To kick off our Duet inter­views, we should first explain in more detail for our read­ers what large lan­guage mod­els (LLMs) are, what they can do, how they are used in the inter­ac­tion between humans and machines, and how and on whose behalf, they are or will be programmed.

Prof. Dr Simanows­ki: In my book, I use the term ‘Sprach­mas­chine’ (lan­guage machine). Lan­guage machines are chat­bots such as Gem­i­ni, Claude, Chat­G­PT, LLa­MA, DeepSeek, etc. In Eng­lish, they are called Large Lan­guage Mod­els (LLMs). These are machines into which we humans enter prompts such as a ques­tion or task. These machines then pro­vide us with an answer or result. They are based on foun­da­tion mod­els or large mod­els to which we humans have no access. We humans inter­act with the chatbots.

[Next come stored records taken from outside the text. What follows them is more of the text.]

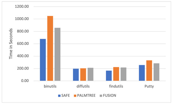 Figure 5 shows the results. In general, FUSION is on par with the two state-of-the-art baselines in terms of efficiency. Moreover, we found that SAFE takes the least time to finish tasks. However, as discussed above, SAFE has the worst performance. In the meanwhile, PALMTREE is the least efficient in general. However, this does not make it the most effective. FUSION is better (or on par with) PALMTREE in terms of efficiency, but it performs better than PALMTREE. To summarize, these findings demonstrate that FUSION can balance efficiency and performance, and provide one efficient SOTA solution to the binary similarity measurement task.
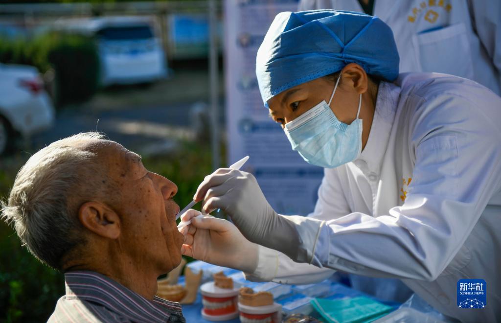 9月19日,醫生在河北省遵化市興旺寨鎮何家峪村為村民檢查牙齒。
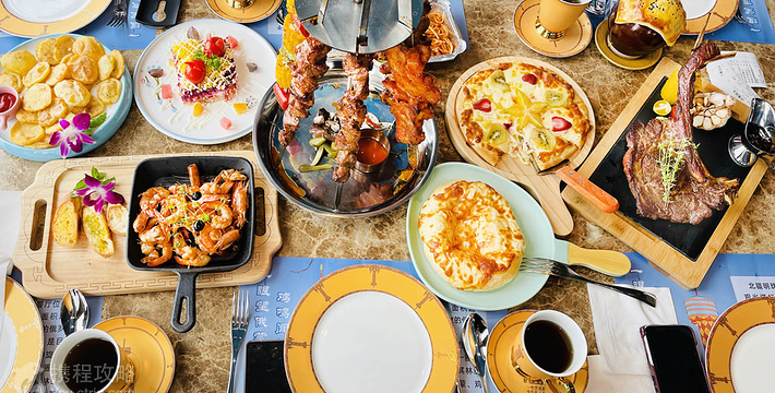 魅力边城旋转茶餐厅位于地面标高135米处,锦绣北疆旋转俄餐厅位于地面标高140米处(暂未营业),每30分钟旋转一圈的环游设置,让您一边品尝美食,一边“徜徉”于中俄之间。
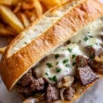 This hearty and flavorful steak sandwich features thinly sliced ribeye steak cooked to perfection, caramelized onions, melted Havarti cheese, and a fragrant herb garlic butter spread on a crusty baguette. Ready in just 30 minutes, it combines savory richness with tender textures for a satisfying meal perfect for lunch or dinner.
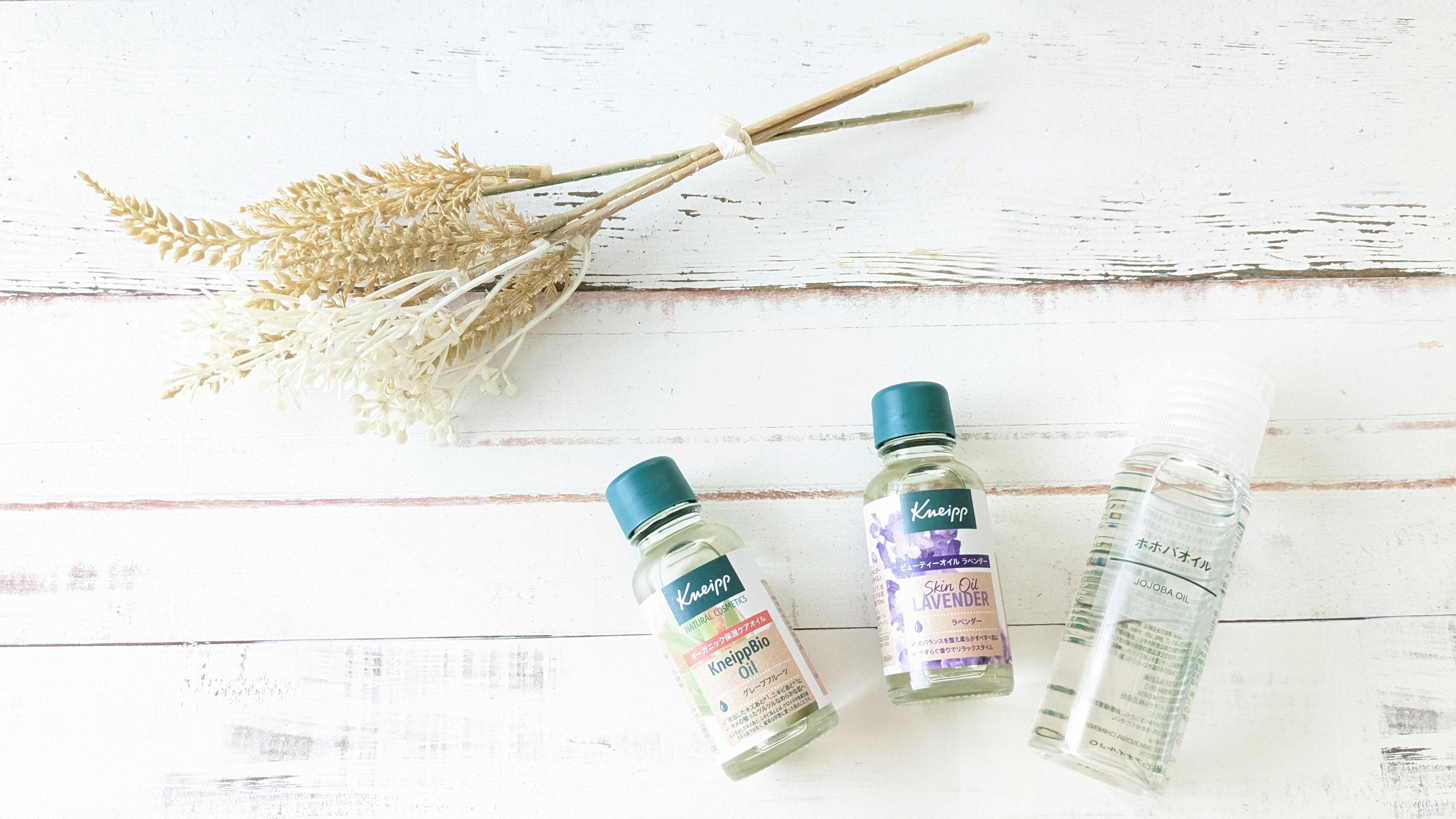 美容オイルも様々な種類がありますが、小さいサイズでも売っている商品を試して、気に入ったので使い続けています。どれもさらっとしてべたつかないので使いやすいです。

These machines stan­dard­ise lan­guages. Cer­tain aspects of cog­ni­tive, non-phys­i­cal activ­i­ty are trans­lat­ed into a spe­cif­ic tech­nique which is a spe­cif­ic method for pro­cess­ing human prompts. This tech­nique is the method of how some­thing is done, depend­ing on the data used to feed and train the chat­bots. The data con­sists of words or let­ters drawn from books, online texts…in oth­er words, com­mu­ni­ca­tions of all kinds amount­ing to tril­lions of words. From this, the chat­bots learn how words sta­tis­ti­cal­ly relate to one anoth­er i.e., how often they are used and with what prob­a­bil­i­ty they are asso­ci­at­ed with oth­er words. When pro­duc­ing ‘its own’ texts, the chat­bot then knows which word or com­bi­na­tion of words is high­ly like­ly to fol­low the next word or com­bi­na­tion of words. This means that the words and word com­bi­na­tions that pre­dom­i­nate in these texts reflect and deter­mine the way most peo­ple speak and write.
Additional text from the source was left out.